No dia 11, durante entrevista coletiva, o próprio Ministro da Saúde foi surpreendido com a edição de um decreto que ampliava as atividades essenciais para academias de ginástica, salões de beleza e barbearias. No mesmo dia ocorria na Avenida Paulista protesto de caminhoneiros contra Dória, Bruno Covas e contra o isolamento social. O objetivo claro do decreto era o de estimular tais segmentos a engrossarem este tipo de manifestação.

No dia 14, é publicado no jornal O Estado de São Paulo artigo do General Vice-Presidente, Hamilton Mourão, que soa como uma tentativa de intimidação ao Ministro Celso de Mello, ao Procurador Augusto Aras, aos presidentes da Câmara e do Senado e aos governadores.
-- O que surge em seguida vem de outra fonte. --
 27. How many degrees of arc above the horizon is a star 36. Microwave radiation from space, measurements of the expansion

Em suas críticas, Mourão acusa governadores, magistrados e legisladores de degradação do conhecimento político e de usurpação das prerrogativas do Poder Executivo. Cobra ainda da imprensa que “opiniões, contrárias e favoráveis ao governo, tanto sobre o isolamento como a retomada da economia, devem ter o mesmo espaço nos principais veículos de comunicação”.
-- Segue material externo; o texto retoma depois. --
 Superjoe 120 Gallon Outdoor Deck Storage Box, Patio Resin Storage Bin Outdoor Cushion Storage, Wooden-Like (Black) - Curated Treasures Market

No mesmo dia, pela manhã, em teleconferência promovida pela Fiesp, Bolsonaro afirma que “pelo governo federal, no que depender de nós, estava tudo aberto, no isolamento vertical, e ponto final” e complementa que “os governadores, cada um assumiu a sua responsabilidade e houve uma concorrência entre muitos para ver quem fechava mais, quem defendia mais a vida do seu eleitor, do seu cidadão, do seu Estado em relação aos outros”.

Ainda no dia 14, o General Ministro Braga Netto praticamente intima Rodrigo Maia para uma reunião no Palácio do Planalto e na sequência o faz se reunir com Bolsonaro. O presidente da Câmara sai dos dois encontros falando mansinho, referindo-se ao diálogo como se não fosse exatamente Bolsonaro a ter desencadeado uma semana de ofensivas visando atacar em especial os governadores.

Atuando de forma isolada e individual, enfrentando estas duas frentes, a pandêmica e a política, os governadores serão inevitavelmente derrotados. Já passou da hora de se articularem para uma ação coordenada de enfrentamento à Covid-19 e ao Bolsonarovírus.

Mais, já passou da hora de a sociedade civil, envolvendo instituições como a CNBB, ABI, OAB, centrais sindicais, confederações empresariais, partidos políticos, intelectuais, artistas e demais personalidades, envolvendo também o Poder Legislativo e Judiciário, se articularem em torno de um plano emergencial sanitário e econômico e em defesa da democracia.

É bem verdade que praticamente metade da população já apoia a renúncia ou o impeachment de Bolsonaro. Mas, por outro lado, o insano ainda conta com apoio de cerca de 30% e os militares lhe dão sustentação. Cresce o seu desgaste e isolamento, mas não cairá de maduro. Em tempos de isolamento social, quando as manifestações populares se tornam proibitivas, somente uma ampla frente com as características acima pode salvar o país de um desastre epidêmico e econômico e impedir que a democracia seja comprometida de forma irremediável. Ou se retira Bolsonaro do poder imediatamente ou o Brasil afundará no abismo.

Jorge Gregory é jornalista e professor universitário.